Ex-noivo de Uma Thurman acusa atriz de não o deixar ver a filha

Arpad Busson, ex-noivo de Uma Thurman, acusa a atriz de não o deixar ver a filha que têm em comum, Luna, de quatro anos

Arpad Busson, ex-noivo de Uma Thurman, acusou a atriz de não permitir que visite a filha que têm em comum, Altalune Florence, tratada por Luna pelos pais. As acusações foram feitas na terça-feira, numa audiência que decorreu no Supremo Tribunal de Manhattan, em Nova Iorque, em mais um capítulo de uma longa batalha pela custódia da criança de quatro anos, que começou em 2014.

O francês de 53 anos, empresário, começou por referir que tinha pedido para Luna passar as noites com o pai, mas que tal "não foi difícil, foi impossível" e "constantemente negado", cita o britânico Daily Mail. A equipa legal de Busson levantou, então, várias questões sobre a saúde física e mental de Thurman e a respetiva capacidade da atriz para tomar conta da filha.

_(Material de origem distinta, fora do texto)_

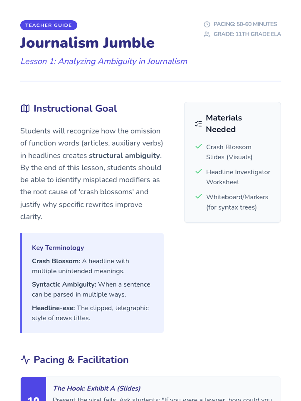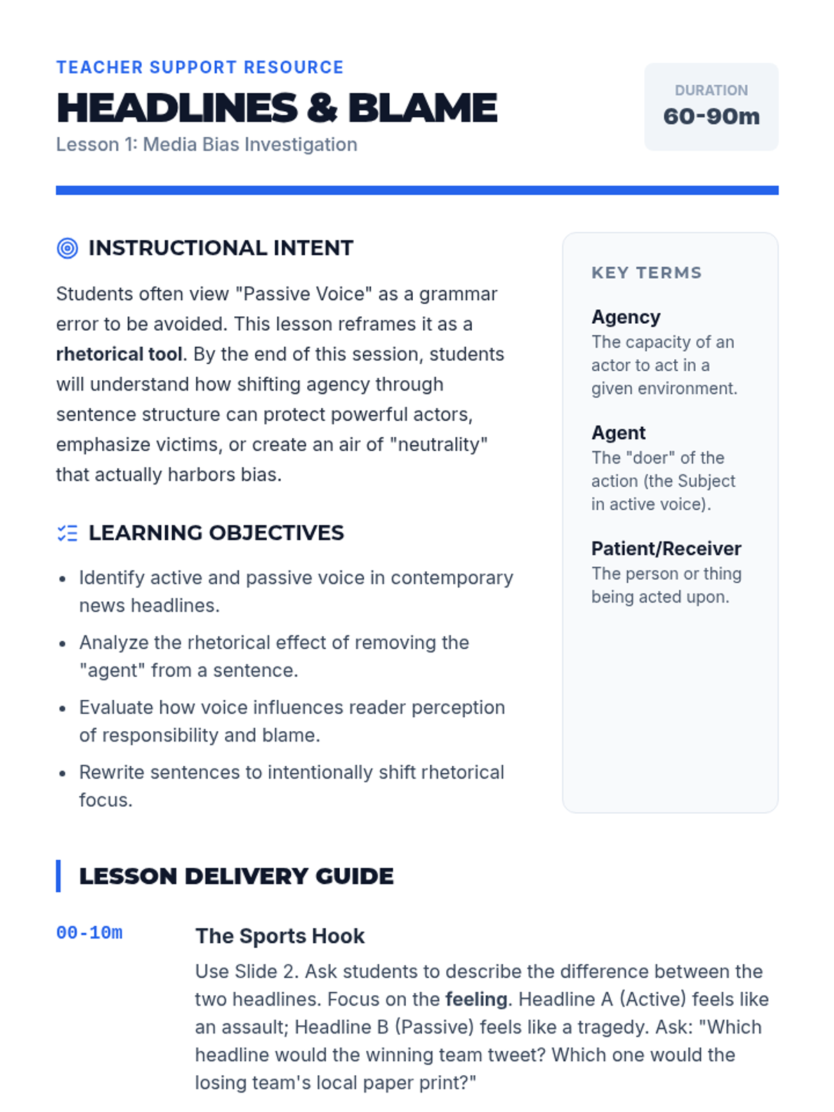 A 10th-grade ELA sequence exploring the rhetorical impact of active and passive voice in nonfiction, media, and technical writing. Students investigate how grammatical choices influence perception of agency, responsibility, and objectivity.
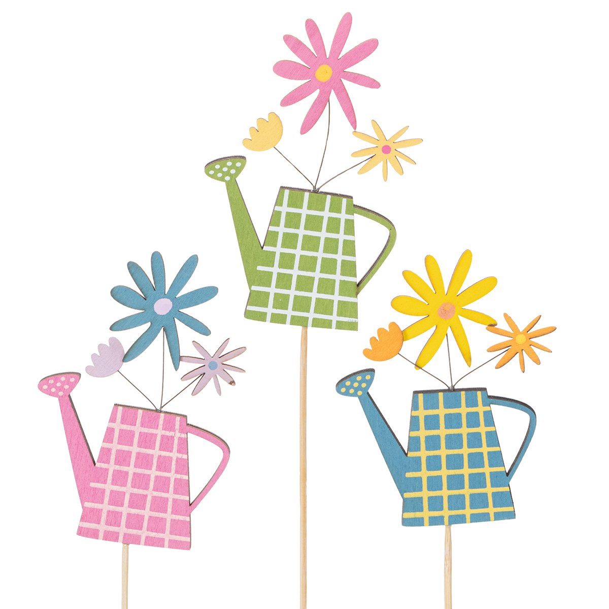 Décoration de jardin printanière avec des piquets en forme d'arrosoir
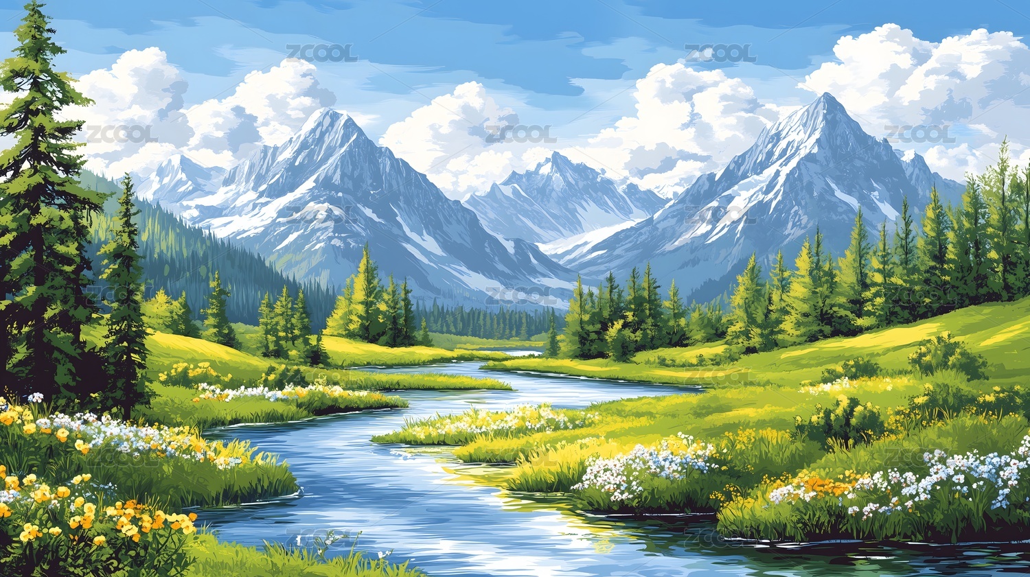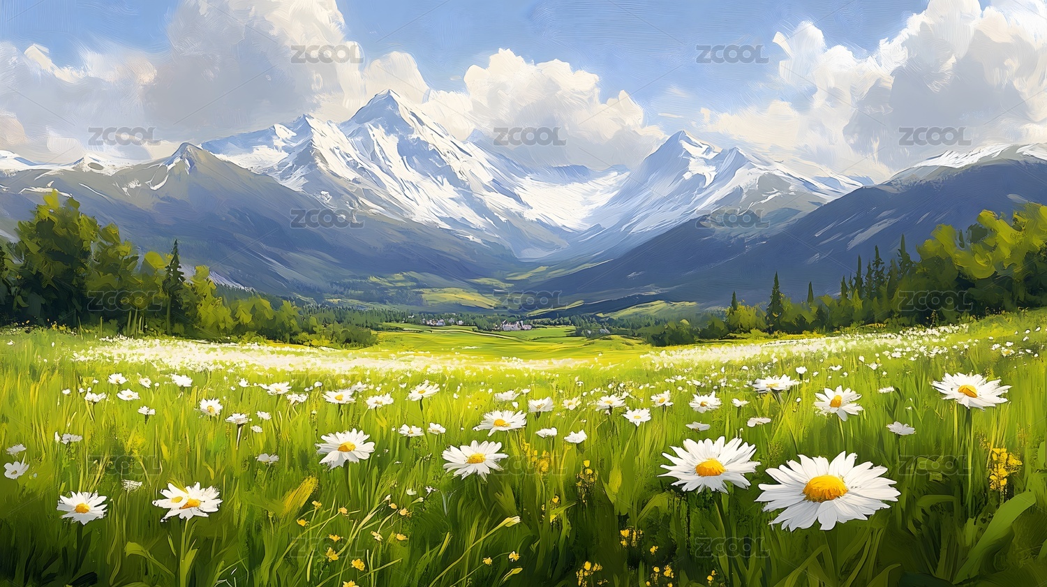 雪山草甸的油画风光
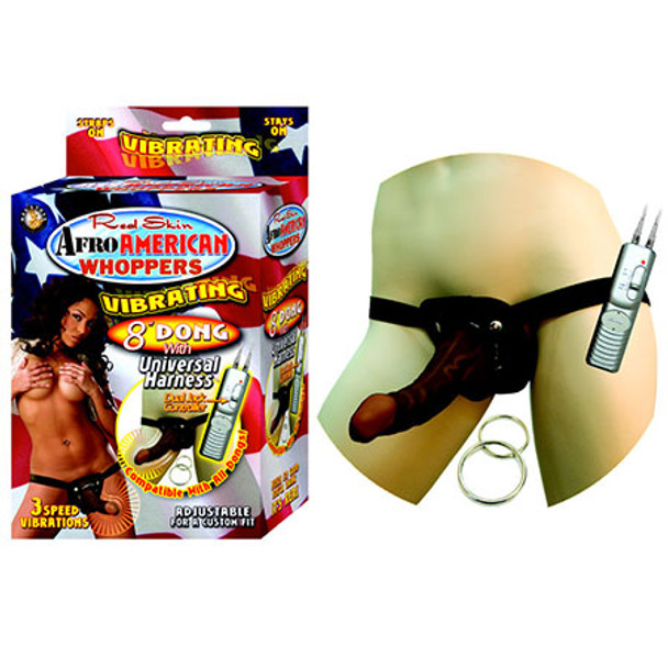 Real Skin Afro American Whopper with Balls 8 in. Dong, part of the All American Whopper line, feels so good you'll think it's real. Features 3 powerful vibration speeds. Requires 3 AA batteries. Harness is compatible with all dongs and has adjustable straps for a custom fit and two ring sizes.
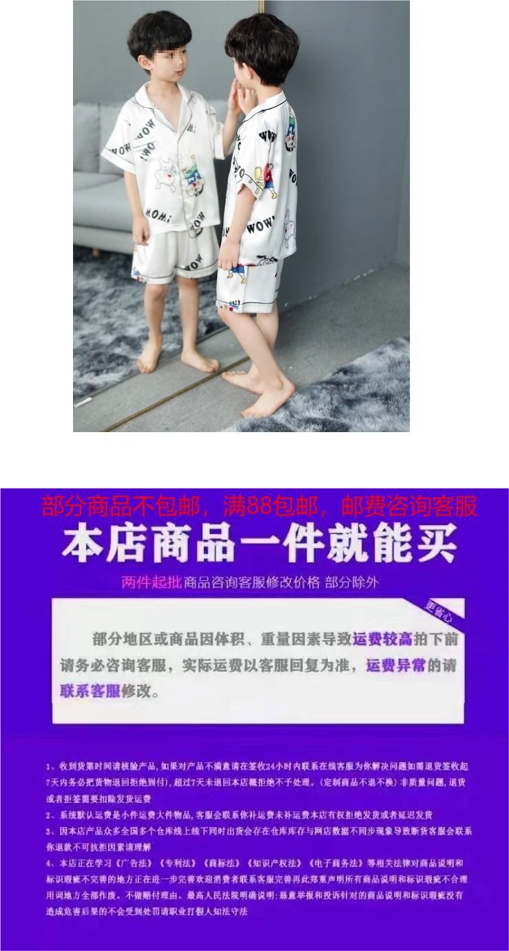 어린이 잠옷 여름 2025 얇은 소년 얼음 실크 반팔 에어컨 의류 가정 의류 중대형 어린이 소년 정장스토어 가기
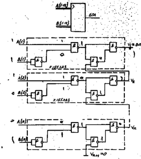 В простых устройствах схемы формирования признаков арифметического отношения строятся как самостоятельные операционные элементы. Синтез схем этого класса рассмотрим на примере построения схемы "больше": БОЛ = A{1:n} > B{1:n}.
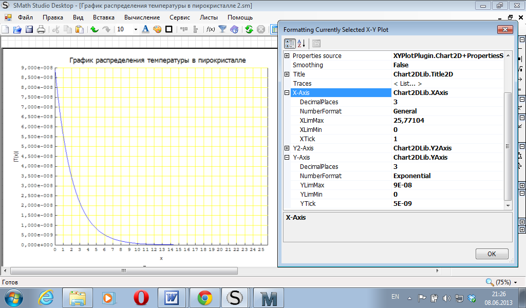 Уни, спасибо. Мой график как раз так и должен выглядеть, однако у меня файл не работает, т.е. программа выдает следующие ошибки при открытии (на скриншотах). Я удалил полностью предыдущую версию и установил 0.96.4902 со всеми плагинами. XYPlotRegion.dll уже был. Я открыл файл "График распределения температуры в пирокристалле.sm", но Вашего графика я не увидел, а своими силами я сделал график так, как на скриншоте. Подскажите, пожалуйста, где находится форматирование графиков и как Вам вообще удалось этот график построить? Я выбираю Вставка - График - Двумерный (2D), после чего в левом нижнем углу появляется пустой маркер, который надо заполнить. Согласно http://ru.smath.info/forum/yaf_postst26_Postroieniie-ghrafikov-funktsii.aspx в этот маркер надо вписывать саму функцию, т.е. выражение, стоящее справа от знака ":=". Мне стыдно уже спрашивать, но у меня, правда, с этим моим графиком ничего не получается. Получается только, если я задам в том маркере что-нибудь простое, типа "5*х".
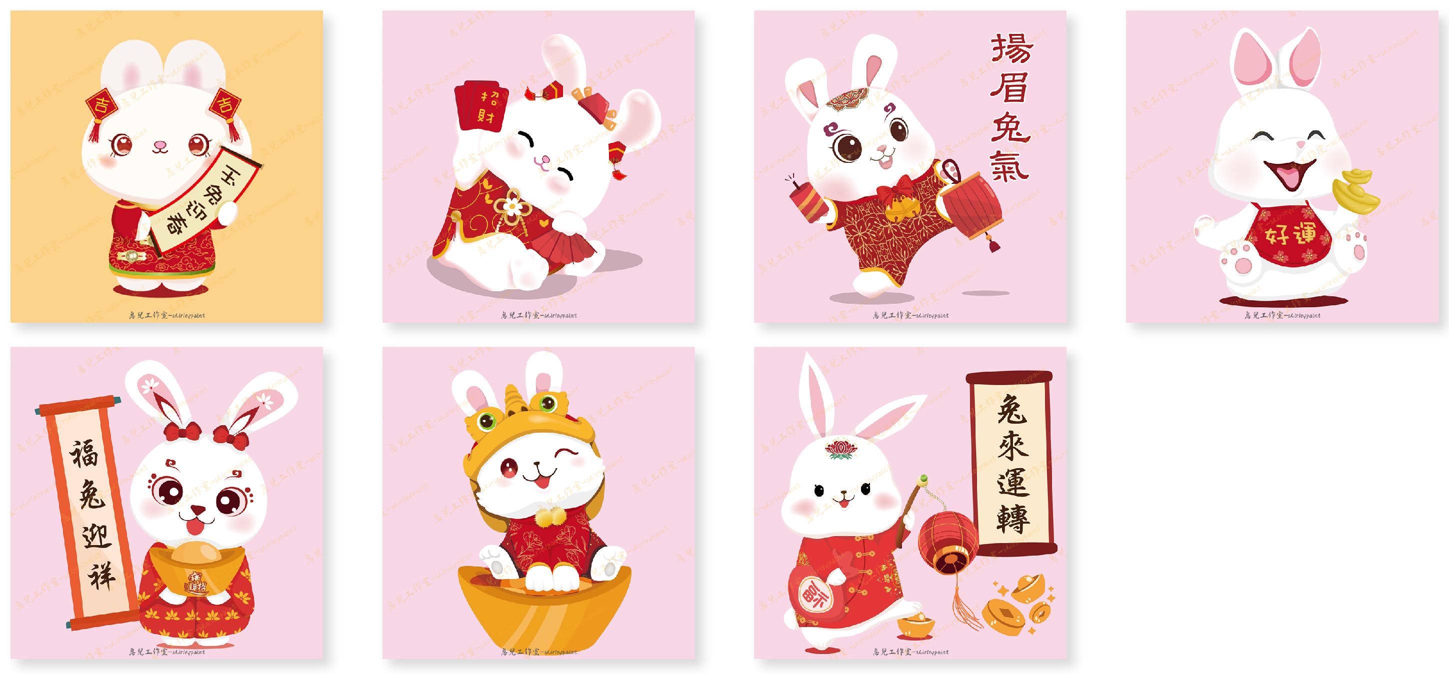 玉兔迎春·祥瑞滿門2023兔年Q版賀歲插畫設計 數位插畫 首頁 數位插畫作品 玉兔迎春·祥瑞滿門 | 2023兔年Q版賀歲插畫設計 玉兔迎春·祥瑞滿門 | 2023兔年Q版賀歲插畫設計 | 2022年10月28日 設計創作概念 這組Q版兔年數位插畫,以可愛生動的兔子角色結合 新年傳統元素,為 2023癸卯兔年 營造滿滿的吉祥氛圍。 兔子象徵 溫柔、機智與繁榮,與春節喜氣的紅色、金色搭配,傳遞美好祝福。 這些兔年插畫作品適用於 春節賀卡、紅包設計、年節文宣、社群貼圖 等多種用途,讓 2023兔年 充滿溫馨與幸福! 歡迎與我們聯繫 有任何服務需求,歡迎與我們聯繫,我們會在1-2個工作天與您聯繫,感謝您!!If you have any service inquiries, feel free to contact us.We will get back to you within 1–2 business days. Thank you! 官方LINE客服 Facebook粉絲專頁
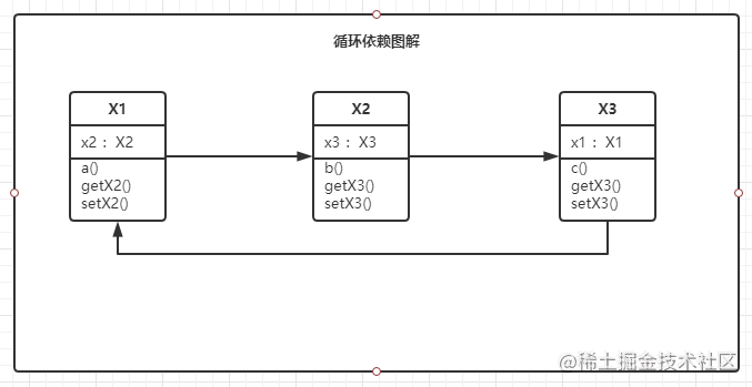 3. X3在创建时,又再次发现构造器需要X1对象;周而复始,最终抛出异常。

Peter Bronstein, advogado de Busson, questionou Thurman sobre a quantidade de bebidas alcoólicas consumida mas o juiz Matthew F. Cooper permitiu que Thurman não respondesse, uma vez que o ex-noivo também se recusou a responder ao mesmo. O juiz desvalorizou também as acusações por parte da equipa legal de Busson, depois de Thurman ter garantido que a relação com o álcool não afetava a sua capacidade de cuidar da filha.

Contudo, na audiência anterior, na sexta-feira da semana passada, a psicóloga Sara Weiss declarou que a atriz norte-americana já estivera sob o efeito de medicamentos para a depressão, ansiedade e insónias. A terapeuta, ainda assim, garantiu que Uma não tem problemas psicológicos e que apenas lhe diagnosticou défice de atenção e distúrbio de hiperatividade. A mesma revelou que Busson era um bom pai, que a criança já mostra alguns sinais de ansiedade e que deve ficar com o empresário não mais do que sete dias por mês.

Busson vive em Londres e nas Bahamas e passa algum tempo em Nova Iorque, onde reside Luna, com Uma Thurman. A morada rotativa de Busson foi analisada pelo juiz, que sugeriu, então, que Busson tivesse residência permanente nos EUA, de forma a garantir a estabilidade da criança. No entanto, o empresário não pode estar mais do 120 dias nesse país por razões fiscais.